Well, I just got the phone call from my friend. She is contacting the "true" owner of Abba, and confirming - but she said I can pretty well say that he is mine!!! :leap: :clap: :stars: :leap: :clap: :stars: :wahoo: :wahoo:

You have NOOOO idea how happy I am right now.

So, it looks like January 10th, this boy should be joining the ranch. I am so excited to own a Ceasars Villa. I can not believe I will have of my very own!!!

So now to work him into the breeding schedule. I think I can safely say, I will not be pairing ANY one else up except the Boer girls if needed. Then I will pull blood the first of Jan on anyone who is not confirmed pregnant and then create a new breeding plan for the ones who are not bred.

Oh I am just so excited.

She said that I should have the final confirmation in a couple days if not earlier - but that I can pretty safely say he is mine!!!! Woo Hoo!!!! I can't wait to start my "show" career with him!!!


----------



## Laurel_Haven (Oct 20, 2007)

*Re: New buck in my future???*

Congrats! I just sent you a Pm before I read this. So go read it! :wink: I think you will find it very interesting. :thumbup:


----------



## StaceyRosado (Oct 5, 2007)

ooops sorry i get people mixed up all the time  


Sarah even on those guy's there is some brown and it is quite easy to see it. But not on the buck Allison posted.


----------



## SDK (Jun 26, 2008)

loki is solid black on his back except for his moonspots and white spot. his coloring is almost identical to ABBA. just saying every buckskin buck i've seen has slowly progressed to all black


----------



## KW Farms (Jun 21, 2008)

Congrats Allison! That is awesome! You should get some nice kids out of him!!! Keep us posted!


----------



## HollowbeadRanch (Oct 5, 2007)

(can't believe I missed this thread :roll: ) Congrats Allison!!! I think he is a GORGEOUS buck!!!! Sundgau and buckskins are my two fav color patterns!!! He is a REALLY nice buck! We require PLENTY of new pics as soon as you get him home!!! :wink:



StaceyRoop said:


> Handsome fellow. Not sure if I would call that buckskin though :?
> 
> according to my nigerian color genetics site he is a Sundgau.
> 
> ...


In the pic he does look to me to be a Sundgau... but ALOT of people call a Sundgau a full cape Buckskin, so I guess it just depends on who you are :shrug: But also... he does look to have a hefty winter coat on, so it is VERY possible that he is a little lighter under there when he is shaved or sheds off for Spring. Do you have any shaved/shed pics of him Allison??

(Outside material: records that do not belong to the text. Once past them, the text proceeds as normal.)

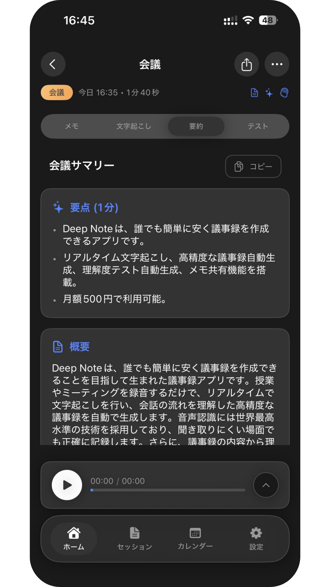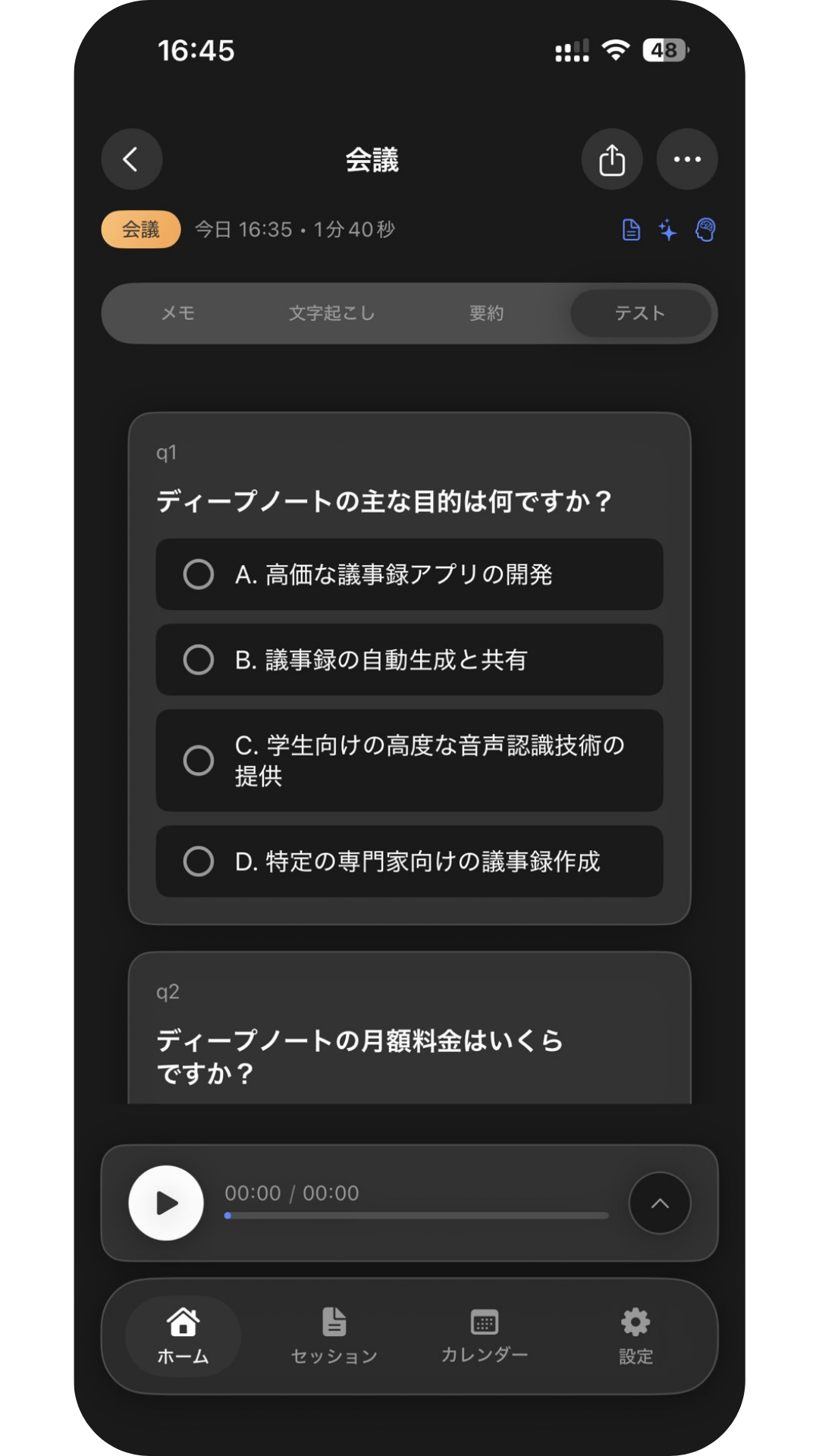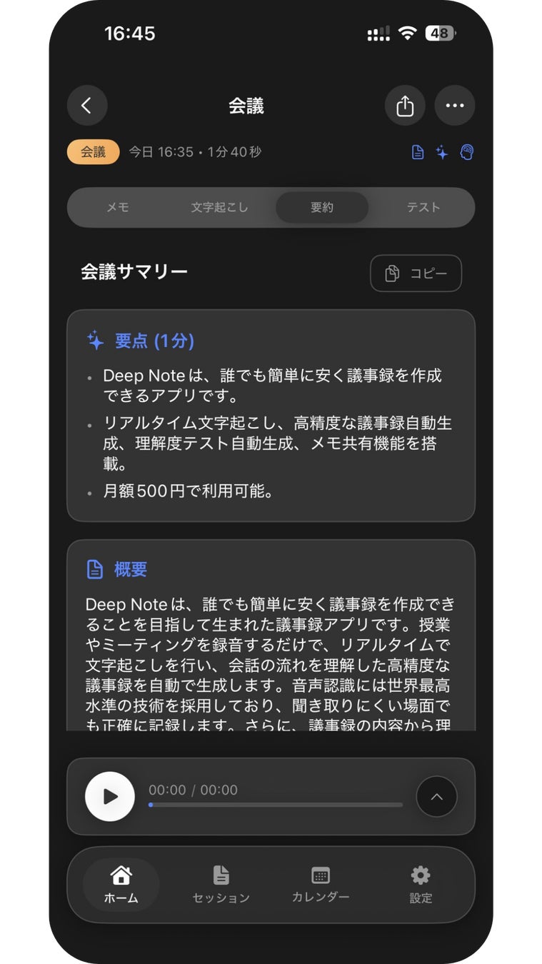 リアルタイム文字起こし、議事録、テスト生成、共有、カレンダー連携までをすべて提供。学生から社会人まで、誰もが使い続けられる新しい議事録体験へ。
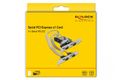 Die PCI Express Karte von Delock erweitert den PC um vier externe serielle RS-232 Ports. Es können verschiedene Geräte, wie z. B. Scanner, Protokoll-Konverter, IoT Geräte etc., an die Karte angeschlossen werden.
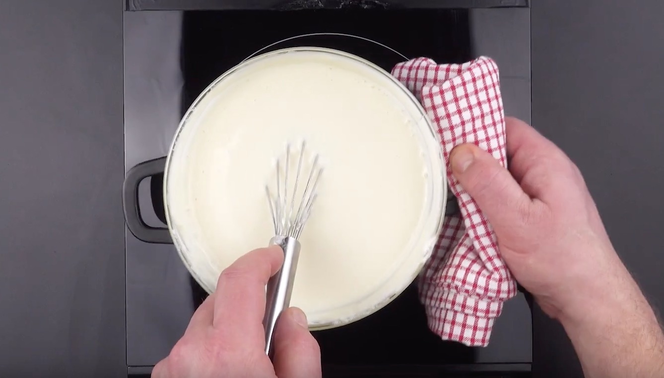 Schmilz anschließend die Marshmallows mit dem Frischkäse im Wasserbad. Verrühre während des Erhitzens beide Zutaten mit einem Schneebesen. Sobald sich eine einheitliche Creme gebildet hat, rührst du die Milch und den Zitronensaft unter.
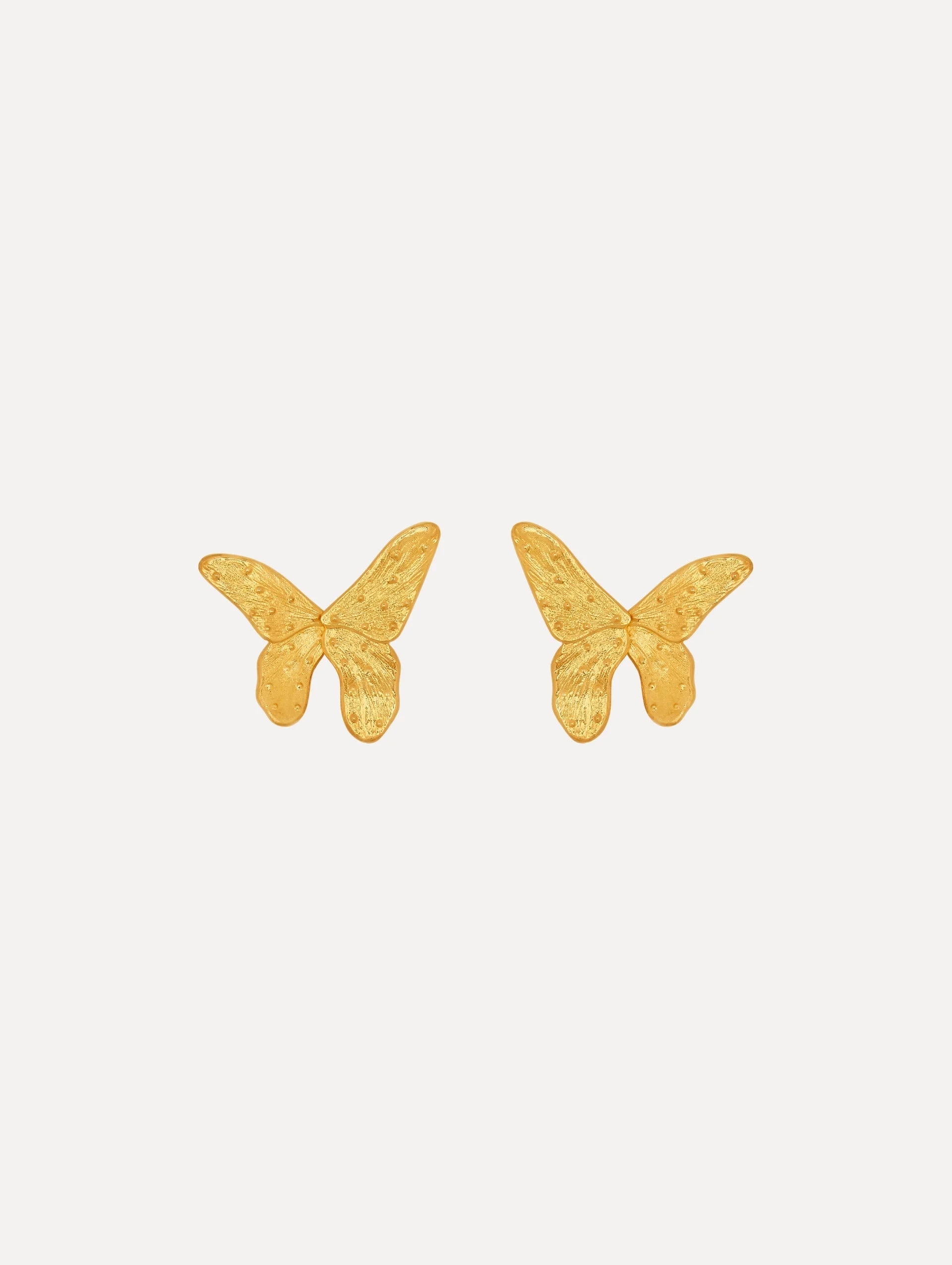 These gold butterfly earrings capture the delicate beauty of nature. Each earring features a gracefully detailed butterfly, its wings poised as if in mid-flight. Details - Dimensions: 25 mm x 24 mm - Weight: 7 grams - Post Backs - For Pierced Ears - Style Code: P25J115_GOL - Country of Origin: Italy Materials & Care - 100% Brass
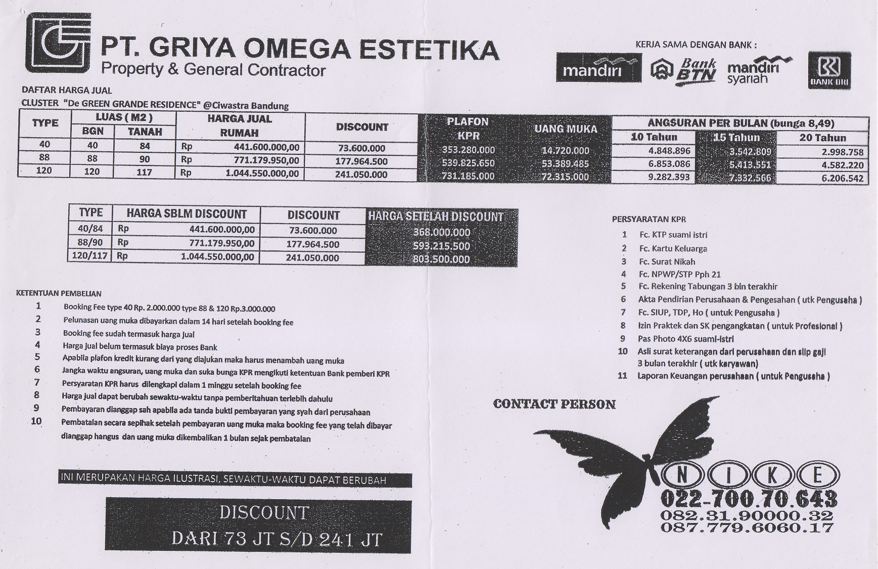 Tipenya dimulai dari tipe 40/84 hingga 120/117. Nah kalo lihat di spanduk harganya diskon gede-gedean, lengkapnya bisa dilihat di brosur di bawah. Sedang harga sebelum diskon adalah antar 441 juta, So.. jika KPR ternyata KPR sekitar 350 jutaan, cocok untuk karyawan yang berpenghasilan 9 jutaan 🙂
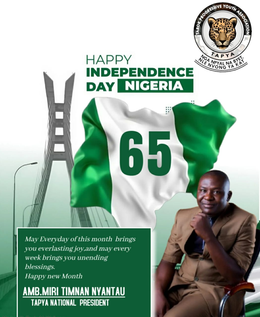 Jos, October 1, 2025 – The Tarok Progressive Youth Association (TAPYA) has joined the nation in celebrating Nigeria’s 65th Independence Anniversary, with its National President, Amb. Miri Timnan Nyantau (M.T.N), citing the bravery, achievements, and unity of the Tarok people.
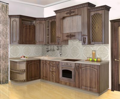 Описание: Фасады изготовлены из МДФ, облицованы пленками ПВХ с отделкой патинированием
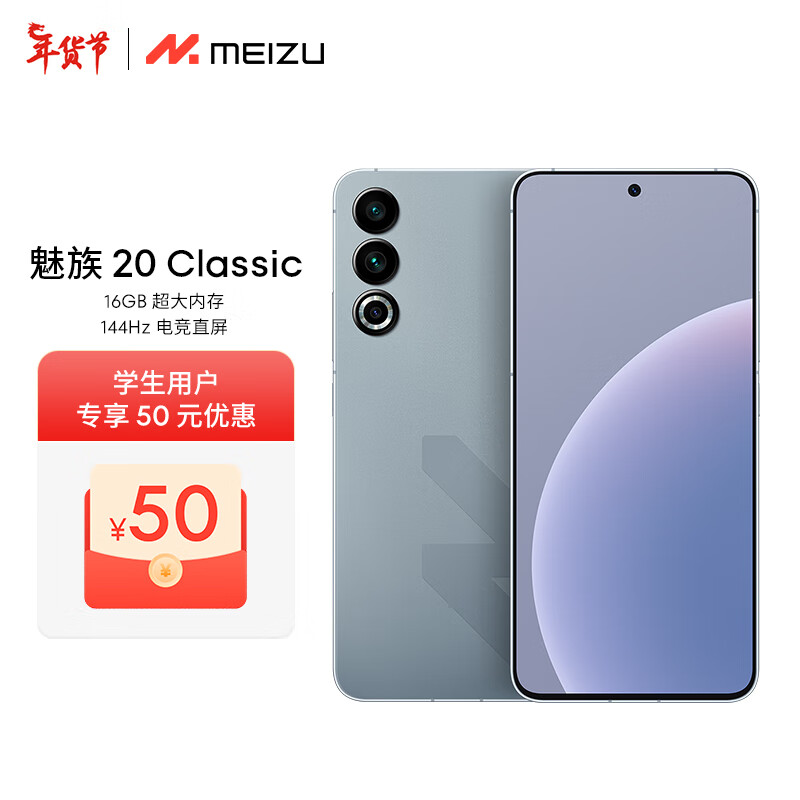 魅族(MEIZU)20 Classic【认证学生专享版】 骁龙8Gen2 144Hz直屏 5G游戏学生拍照 魅族20C 悠扬乌铁 16+512GB价格:2999.00元!

Regardless, he is a VERY handsome Buck and I am VERY excited that you are getting him :leap: :leap:


----------



## Laurel_Haven (Oct 20, 2007)

Yep it's odd how they can change colors so drastically... from a buckskin to a sundgau.

I had two does that did that...

Here is Rhinestone as a baby... clearly a buckskin.









and then again at 4 months old... looks more sundgua doesn't she. Hard to believe it is the same doe.









And then Eazy as a baby... even a lighter shade buckskin than Rhinestone was.









And her after changing her color... although you can see stil see a bit of brown on her side. I am thinking once clipped the brown may be more pronounced. Or she could continue getting darker. :shrug:


----------



## StaceyRosado (Oct 5, 2007)

oo I love Rinestone! how beautiful.

So are they buckskins or sundgau because not all buckskins change color obviously. You wouldnt know when they are born if they will change though. So will they throw buckskins? :scratch:


----------



## Laurel_Haven (Oct 20, 2007)

Now I am not certain of this... but I think they must be born with the full Sundgau color pattern to be classified as Sundgua. Otherwise they are buckskin if they look like this at birth.
Now both of these goats I have shown above were recorded as buckskin. As that is the pattern they were born with, and more than likely they still have that underlying buckskin pattern underneath. So yes, I would figure thay would throw buckskin offspring.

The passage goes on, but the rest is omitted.